15.8.08

Crueldade

A esposa santinha moralista tinha uma amiga que era seu oposto.

Um olhar fino que contemplava o mundo à procura só de prazer. Sensual em cada movimento com uma presença sempre lasciva. E havia algo entre nós. Nos olhávamos em segredo, como quem mira uma barra de chocolate proibida. A esposa inocente não percebia nada ou talvez não quisesse acreditar.

Nos aproximávamos a cada dia, conversando sobre as mais diversas futilidades, contando histórias, partilhando desejos. Nos tornamos mais íntimos. E o que é cruel, à procura de cúmplices, se alimenta do que é íntimo.

Numa noite de primavera, ela dormiu em nossa casa.

O quarto era pequeno e abafado, com uma janela, já fechada, para a lavanderia. Entrei quieto e me deitei no escuro. Sem palavras, naturalmente, a bunda dela se encaixou em mim. A sintonia, o toque da pele, o prazer do desejo livre. Tudo nela era melhor do que a minha esposa. Ela era melhor que a minha esposa. E quando declarei isso, explodimos num frenesi de tesão.

Dos ódios guardados contra a  santa sem maldade - que erguia a moral frente ao nosso desejo incorreto - veio um coito de prazer cruel, de cumplicidade entre demônios vingativos. A penetração era forte e sentíamos em todos os cantos o cheiro da traída, fazíamos tudo sobre os lençóis dela. Eu sussurrava as desvantagens da esposa, narrava seus defeitos e fraquezas mais íntimas. Nós ríamos. Um riso baixo de penetração e segredo. Um riso maligno.
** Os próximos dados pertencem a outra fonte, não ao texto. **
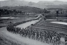 1942年1月,在美、英两国建议下,设立中国战区统帅部,3月,日军进攻缅甸,英国守军告急。中国以陆军第5、第6、第66军为主共10万余人组成中国远征军第1路,在司令长官罗卓英指挥下,进入缅甸与盟军并肩作战。8日,日军第15军在司令官饭田祥二郎指挥下登陆仰光,分路北进,企图切断中国西南国际交通线。在我远征军前赴后继的猛烈进攻下,彻底打破了日寇“铁龙陵钢松山,遮放芒市鬼门关”的神话。滇缅路全线打通后,盟军援华物资源源而来,为迫使日寇投降、实现抗战最后胜利起了无可估量的作用。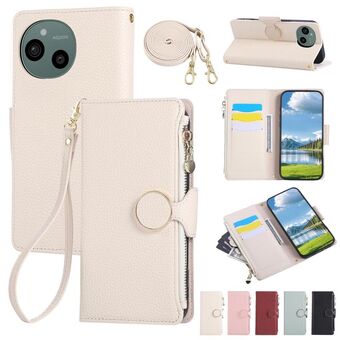 For Sharp Aquos Sense9 Round Buckle Zipper Wallet Leather Phone Case with Crossbody Strap(White)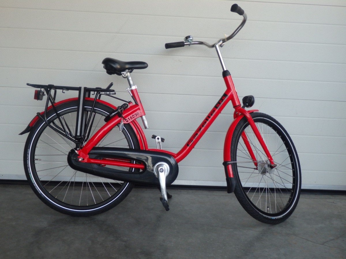 De ultieme allround fiets geschikt voor in en om de stad of zwaar te beladen, makkelijk op hoogte te stellen door snelspanner op het zadel compleet met naafdynamo en terugtraprem.Gebruikt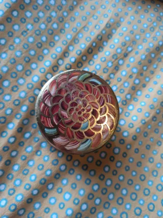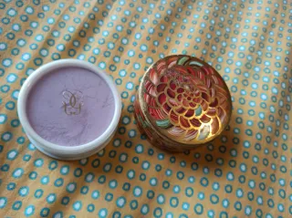 Bellissima cipria vintage Guerlain con una decorazione floreale dorata e colorata. Un pezzo da collezione. - Decorazione a spirale con dettagli dorati. - Tonalità di rosso, oro e verde acqua.

E foi aí que ouvimos a voz dela na lavanderia, alheia, falando ao telefone. Apenas uma janela de madeira nos separava e nem por um segundo titubeamos, sequer diminuímos nosso ritmo. Mais forte e mais felizes, nos devoramos frenéticos. Com os ouvidos apontados para a conversa fútil da esposa sonsa que pendurava minhas roupas no varal, nos sentimos ainda mais próximos, rindo da humilhação que a fazíamos passar. Com cara de deboche e tesão, a melhor amiga moveu os lábios para chamar, sem som, a santa de idiota. Gargalhamos por dentro, eu gozei nela e sorrimos, sujos.

4 comentários:

Raisa. disse...

A violência tem a ver com a velocidade. E o mundo hoje nos implora violência, nos obriga e nos sempre cedemos.

Pedro Ivo disse...
Este comentário foi removido pelo autor.
Pedro Ivo disse...

Interessante a narrativa, gostei bastante das imagens que a escrita do texto faz despertar na mente do leitor (a minha, digo). Entretanto, apesar da boa qualidade do conteúdo do enredo, continuar outro parágrafo após "sujos" quebrou demais, na minha opinião, o caráter impactante que o texto traz em si e que finaliza com chave de ouro com essa última palavra. "Sujos": aqui é o ponto em que o leitor fala "caralhooooo, que texto massa!"
Pense nisso...

;o)

Ro Manne disse...

Considerado e editado. Pedro tinha razão. A última frase era justamente minha fuga dessa sujeira toda.

Sem ela, o texto fica mais assumido. Abraço pro pedro.